Primary objective: To validate the quantification of AR by time-densitometry on contrast aortography with the gold standard of CMRI measurements in order to refine the interpretation and evaluate the accuracy of the qRA method. Secondary objective:…
ID
Source
Brief title
Condition
- Cardiac valve disorders
Synonym
Research involving
Sponsors and support
Intervention
Outcome measures
Primary outcome
1. Regurgitant volume and regurgitant fraction measured by velocity encoded MRI
2. qRA-index measured on aortography
Secondary outcome
1. Semi-quantitative TTE measurements
a. in patients without TAVI or pre-TAVI:
i. Vena contracta (VC) width (mm)
ii. Pressure half-time (PHT) (ms)
b. only in case of TAVI: Post-TAVI:
i. Circumferential extent of prosthetic valve paravalvular regurgitation
ii. Diastolic flow reversal in the descending aorta
2. Quantitative TTE(pre-) / TOE (post) measurements (only in case of TAVI: pre-
and post-TAVI)
a. Effective regurgitant orifice area (EROA) (mm2)

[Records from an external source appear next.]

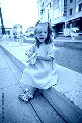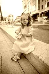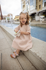 little girl playing with toy near the fountain in the summer.
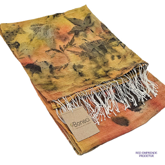 Tejido fibra manta de algodón, estampado / teñido con hojas recolectadas de la naturaleza. Talla L (174cm largo*61.5cm de ancho)
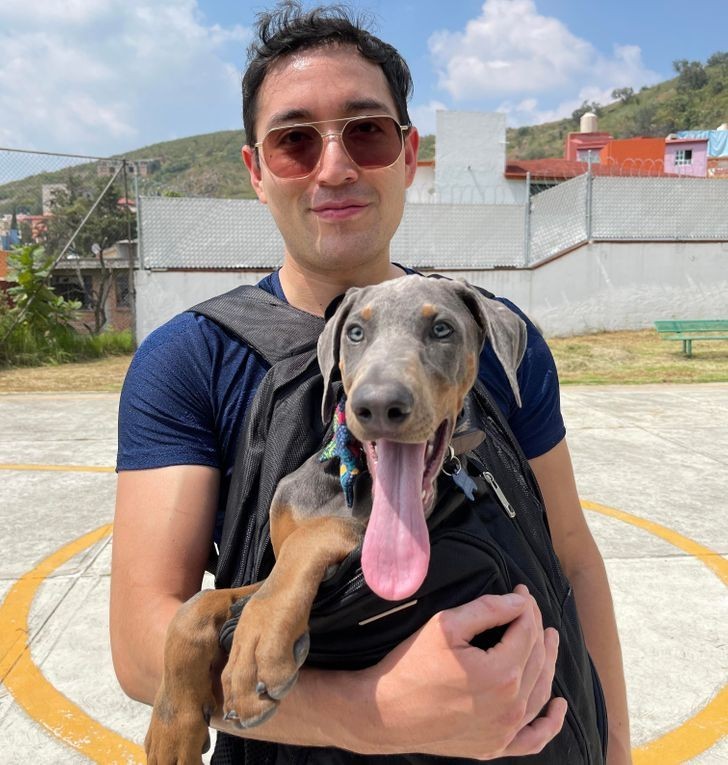 13. "Chłopak: 'Czy naprawdę potrzebujemy czwartego psa?' A teraz nosi ze sobą plecak na wypadek, gdyby nasz szczeniak zmęczył się chodzeniem."
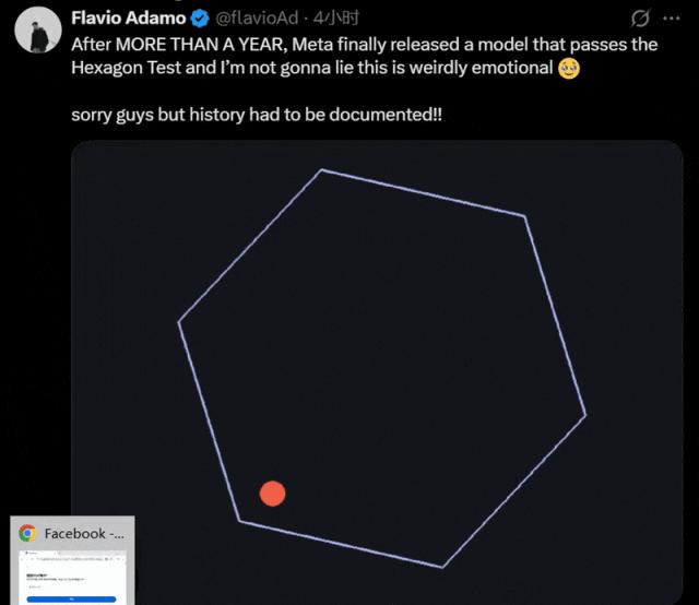 Muse Spark还通过了小球弹跳测试。有网友感慨,时隔1年多,Meta终于推出了能通过六边形小球弹跳测试的大模型,这一时刻值得记录。

b. Regurgitant Volume (RV) (ml)
3. Sinning index / (AR-index) calculated from haemodynamic pressure
measurements
Background summary
Aortic regurgitation (AR) is common after Transcatheter Aortic Valve
Implantation (TAVI) and is associated with increased mortality in the first
year after the implantation procedure. In the catheter laboratory contrast
aortography (CA) is always performed at the end of each TAVI procedure to
evaluate prosthesis position and evaluate procedural success including
quantifying paraprosthetic regurgitation if present. Yet the grading of AR on
contrast aortography, which was described by Sellers in 1964, is
semi-quantitative, based on visual interpretation and therefore open to
interpretation. Studies that have calculated native valve aortic regurgitant
volumes and fraction based on ventriculography and the indicator dilution
technique demonstrated a wide scatter of regurgitant volumes within each
visually graded category and also substantial overlap between categories. These
studies were done before the widespread use of echocardiography and may have
contributed to the ascension of echocardiography for the evaluation of native
valve AR. Transoesophageal echocardiography (TEE) is now routine practice
during TAVI procedures to ensure optimal valve position and absence of
clinically important valve regurgitation. Transthoracic echocardiography (TTE)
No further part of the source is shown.